Companies have several entities and services involving distinct predictive approaches. The different forecasts should not be disjointed from one another. The capacity of bringing coherence between all levels is essential. For example, if several stores organize a specific promotion, they should see an impact in their forecasts, as well as in warehouse outflow.

For this type of problem, a Machine Learning approach involves a statistical modelling step between the store level and the warehouse level. The model obtained in this way will establish a flexible link between the data closest to the issue to be solved (outputs warehouses) and the realistic need anticipated by the stores, with precision on all levels.


The best sales forecasts are misunderstood and misused, therefore not bringing forth their expected value. For this reason, we must define the business gesture upstream to not confront the user with concepts left unmastered.

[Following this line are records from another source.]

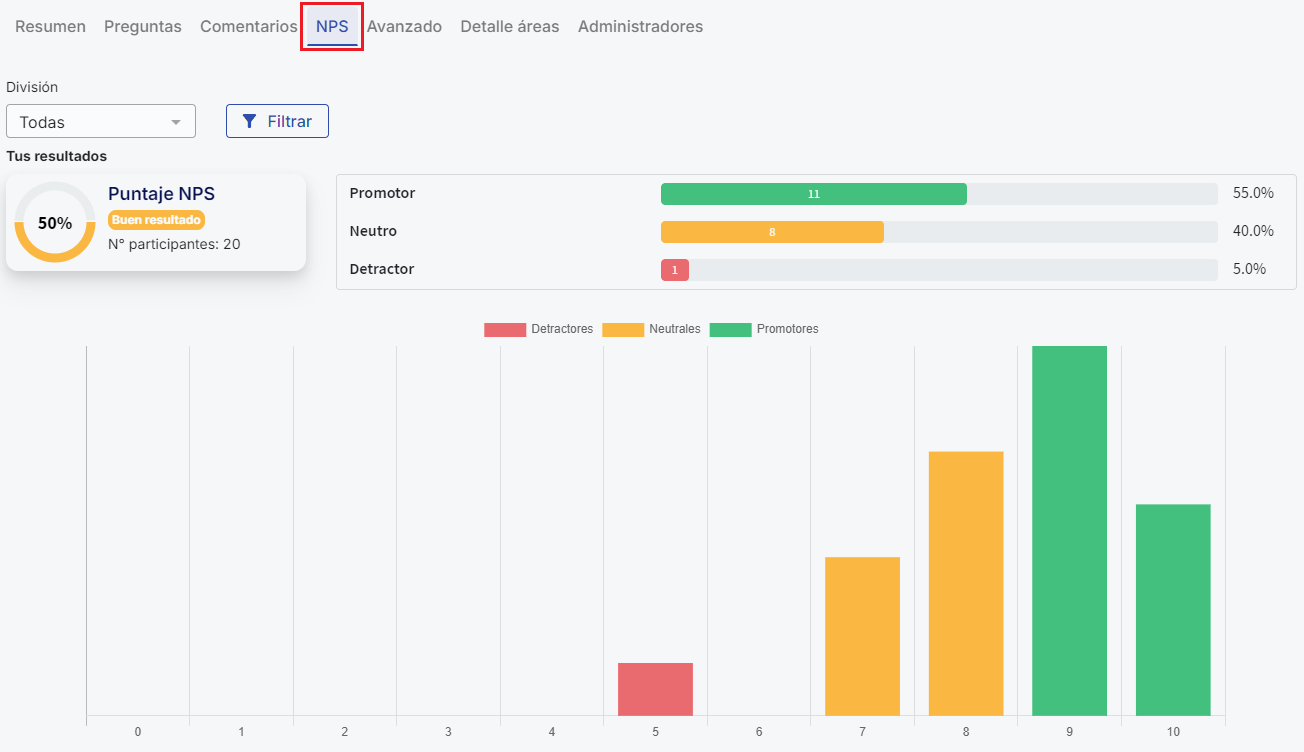 En la configuración de una encuesta puedes incorporar una pregunta tipo NPS de modo de evaluar el desempeño en alguna materia que necesites. En esta pestaña se mostrará los resultados de esta pregunta bajo la metodología NPS.
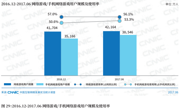 截至2017年6月,我国网络游戏用户规模达到4.22亿,较去年底增长460万,占整体网民的56.1%。手机网络游戏用户规模为3.85亿,较去年底增长3380万,占手机网民的53.3%。
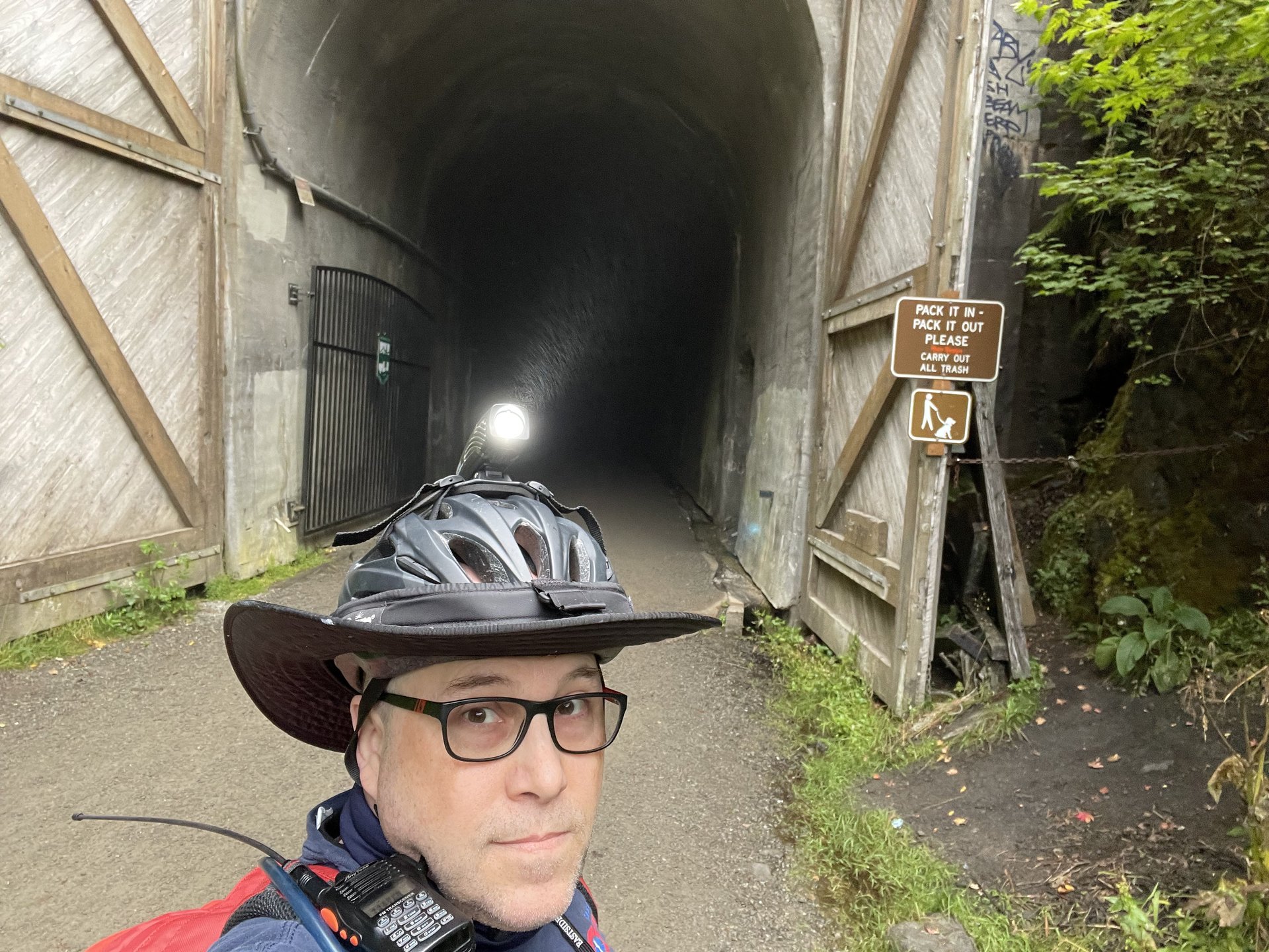 On my most recent event, I was keen on getting through this before the faster marathoners did; otherwise, I’d be waiting on the other side for the slowpokes in the crowd to work through. Dark tunnel + maintaining distance + echoes from a lot of people in it == not a great time on a bike. Although I was riding at a decent clip, I could see little lights bobbing around behind me. Some of these folks are fast.

For example, the in-store inventory manager will only see order proposals, with a detailed explanation of all its steps (cadence, frequency, packaging, current inventory and overall period sales forecast). Analysis and forecasting management will be entrusted to a specialized team of inventory planners and forecasters, oftentimes operating from headquarters.

A powerful procurement tool is designed taking into account the expertise of its various users. It directly calculates a probable forecast to the desired granularity, considering many real world constraints (budget, financing, delays, merchandising, stock shortage, service rate, preparation and reception capacity). To support the business need, the tool speaks the language of the end user. Depending on the targeted business, the forecast can be transformed into a calculation of inventory to be supplied, budget forecasts, recommendations for supply width and simulation of commercial operations.

The next-generation supply chain forecasting tools are efficient, ergonomic and highly automated. A thorough training in mathematics to use the forecast is unnecessary because it is an intermediate datum which drives the desired result: an efficient and controlled supply chain.